[[ Collected material, beginning ]]
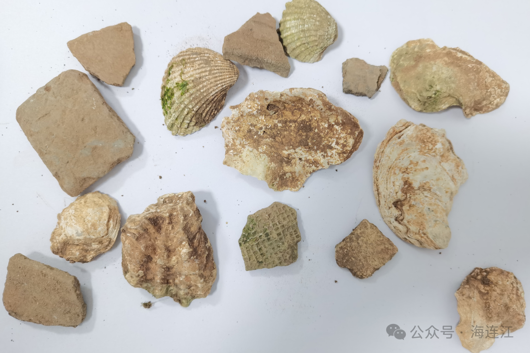 ▲炉溪山遗址采集的贝壳和陶片
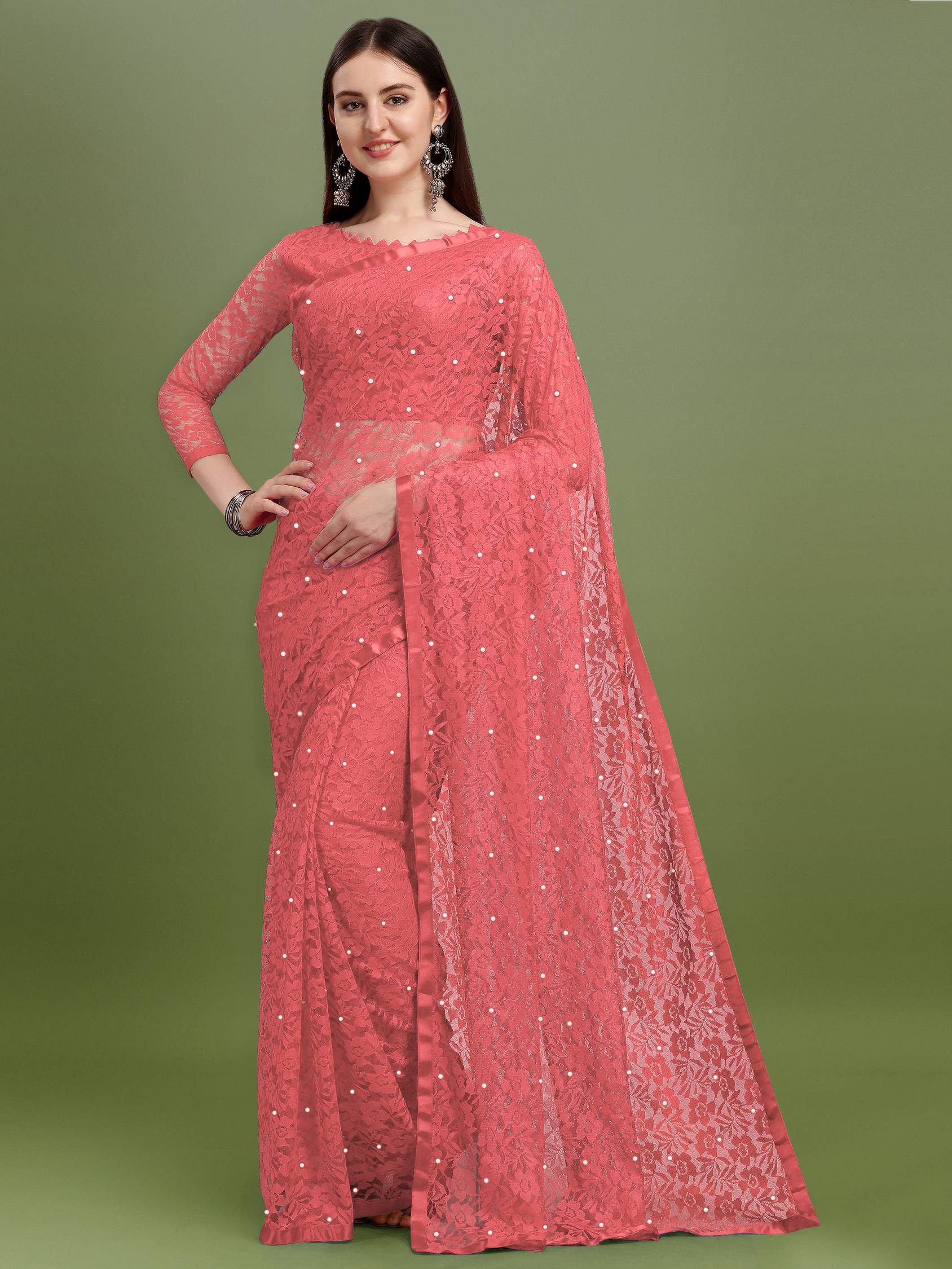 We bring Designer Jacquard Net Saree For Our Lovely Customers This Saree Made By High Export Quality Of Materials Saree Cloth Made By Soft Quality Cotton Materials Bringing Designer Machine Work Like Different Type Of Flowers On Saree With White Color Of Stone Work Saree 5.5 Meter With Complete Less Border Blouse 0.8 Meter Customers Can Stitched As Own Test With Pattern Give you perfect festival look in all the season and party
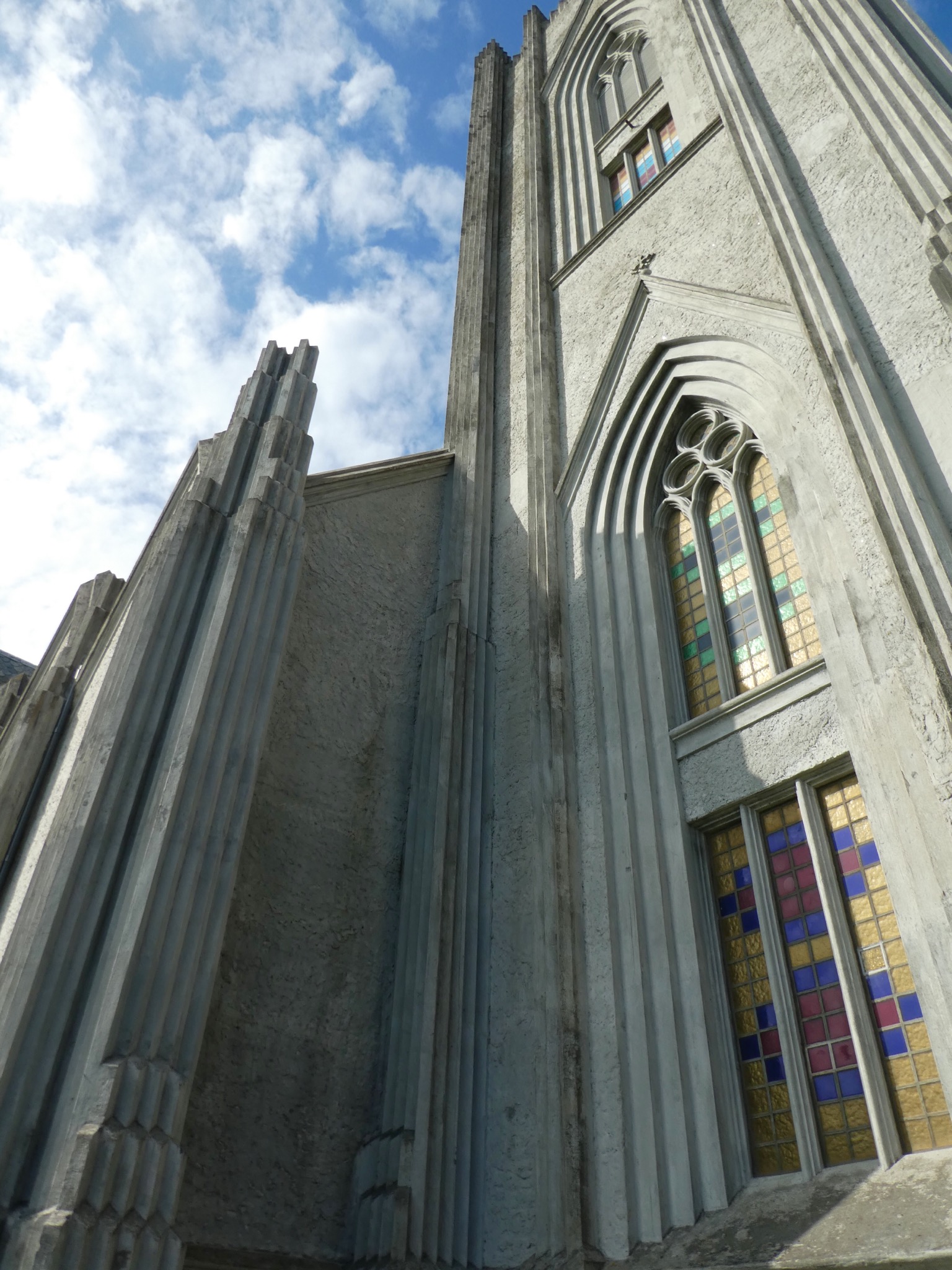 Op het einde van het havengebied ligt Rhufa, een kunstmatige heuvel van gras, 22 m diameter, 8 meter hoog. Een van de visserijreders heeft dit laten aanleggen, een plek om te verademen, met een mooi uitzicht op stad en haven. Op de top staat een klein drooghutje waarin vis hangt te drogen. We rijden de stad in naar de Landakotskirkja, de Rooms-katholieke kathedraal uit 1929.
[[ Collected material, end ]]
Would you please give the material above again, unchanged but without pictures?

 ▲炉溪山遗址采集的贝壳和陶片
 We bring Designer Jacquard Net Saree For Our Lovely Customers This Saree Made By High Export Quality Of Materials Saree Cloth Made By Soft Quality Cotton Materials Bringing Designer Machine Work Like Different Type Of Flowers On Saree With White Color Of Stone Work Saree 5.5 Meter With Complete Less Border Blouse 0.8 Meter Customers Can Stitched As Own Test With Pattern Give you perfect festival look in all the season and party
 Op het einde van het havengebied ligt Rhufa, een kunstmatige heuvel van gras, 22 m diameter, 8 meter hoog. Een van de visserijreders heeft dit laten aanleggen, een plek om te verademen, met een mooi uitzicht op stad en haven. Op de top staat een klein drooghutje waarin vis hangt te drogen. We rijden de stad in naar de Landakotskirkja, de Rooms-katholieke kathedraal uit 1929.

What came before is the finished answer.